Adding a new platform, or even a new locale, was painful in a multiplicative rather than an additive way. Also, if we ever needed to re-spin a set of nightlies (which implies a new round of nightly updates), it meant that nightly update generation wouldn’t catch up for over 24 hours.
Make it right
Under these conditions, the decision to parallelize update generation was easy, the only question was how. We did consider simply adding more Linux VMs to generate updates, but that would have involved writing code to manage the pending update queue across multiple machines, or at the very least introducing an dedicated update generation machine per platform. The more straightforward solution would be to use the massive parallelization already provided by our existing build slave pool.
The first hurdle in generating our nightly updates on the build slaves was ensuring that the MAR (Mozilla ARchive) and binary diff tools worked on platforms other than Linux (which they now do) and were built automatically for branches on which we wanted to provide nightly updates (which they are now). There were also a bunch of build system changes that needed to happen to get MAR files uploaded automatically from the build slaves. After that, it was testing, lots and *lots* of testing. Last week, we finally got out of the testing phase and were able to deploy the changes for mozilla-central.
There are always trade-offs when making a change like this, but honestly this is a pretty big win. Here are some typical l10n build scenarios from last week compared to the previous week before the updates-on-slave changes were in place:
|Platform||Last Build Finished (before)
|Last Build Finished (now)
|Update available (before)
|Update available (now)
|Linux||03:44||04:22||1.5 – 5||18:05||04:18|
|Mac OS X||06:10||06:24||2.5 – 4.5||16:55||06:24|
|Windows||05:45||06:58||3 – 4||19:50||06:58|
In aggregate, we’ve added a maximum of 5 minutes/locale (often much less) x ~75 of locales, or 375 minutes, to the total time required to build all locales for a given branch on a given platform. Given 8 build slaves per platform assigned to create l10n nightly repacks, this means that the final l10n nightly repack on any build slave will finish roughly 45 minutes later than it did before the change. The parallelization of the overall process more than compensates though, at least as far as nightly updates are concerned. For example, the zh-TW localized Windows build may finish at 07:00 PDT now instead of 0615 PDT, but it’s nightly update is also immediately available at 07:00 PDT. English (en-US) builds also have their updates generated on the slaves, but since their updates were prioritized before anyway, they continue to be timely.

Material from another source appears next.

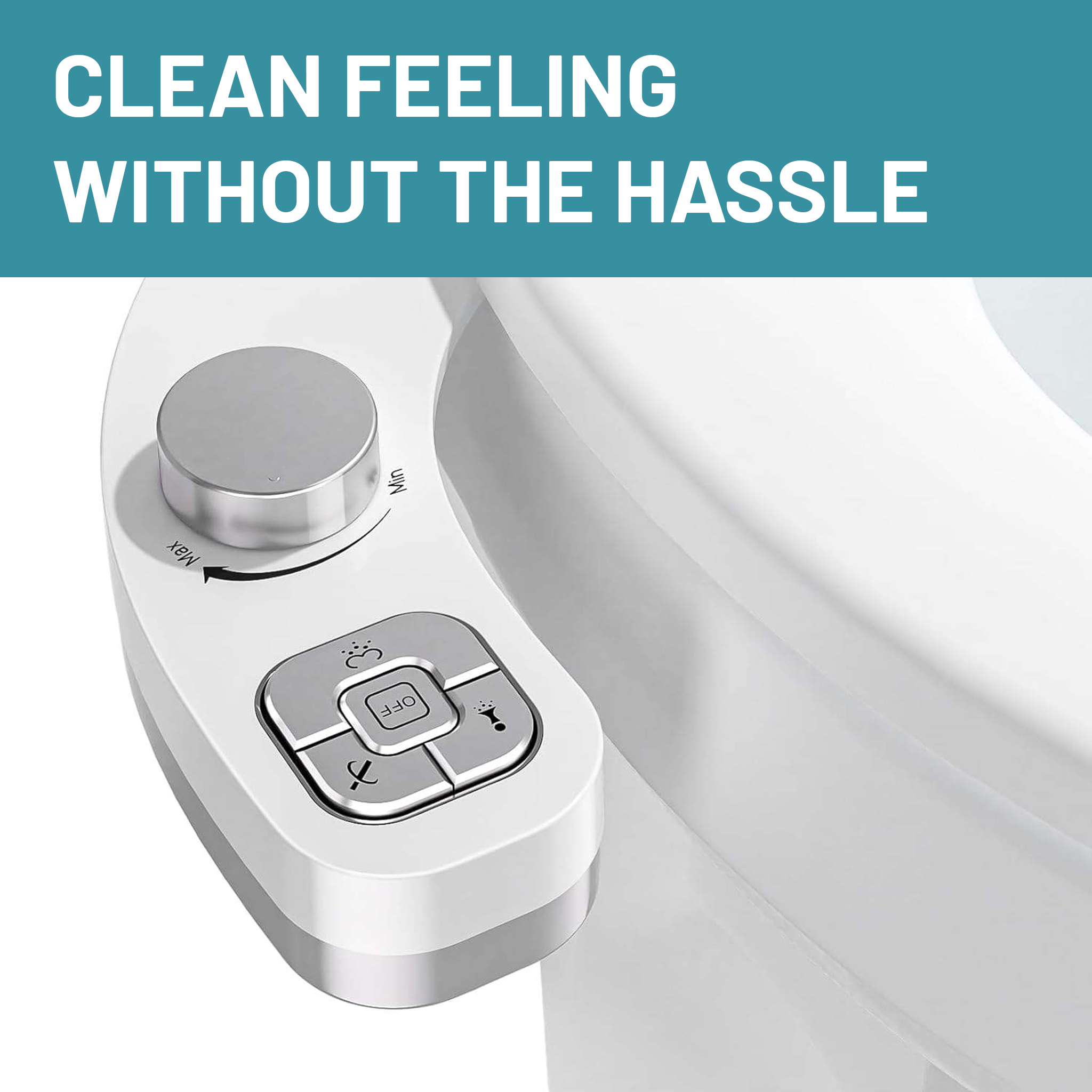 The ultra-thin body sits flat under your toilet seat without lifting or wobbling. It looks built-in, not bolted on — perfect for homes where neatness and cleanliness matter.

The localized builds also need to build the binary diff tool (bsdiff), but we re-use the same checkout for the tools from one l10n build to the next, so we only ever have to incur that build cost once, in the absence of a clobber. Even when we do need to rebuild bsdiff, since we also re-use the existing configuration steps and make targets that have already been run earlier in the l10n build process, the maximum time we ever spend building the bsdiff tool is about 1 min.
Perhaps what’s most exciting about this change are the possibilities it opens up for us, and for others.
Nick is already busy extending this work to provide nightly updates for project branches. Project branches are a relatively new thing in the Mozilla world, and soon the developers working on them will be able to stay current code-wise just the same as if they were working on mozilla-central. KaiRo also tells me that he’s only a few days away from having nightly partial updates available for SeaMonkey for the first time ever!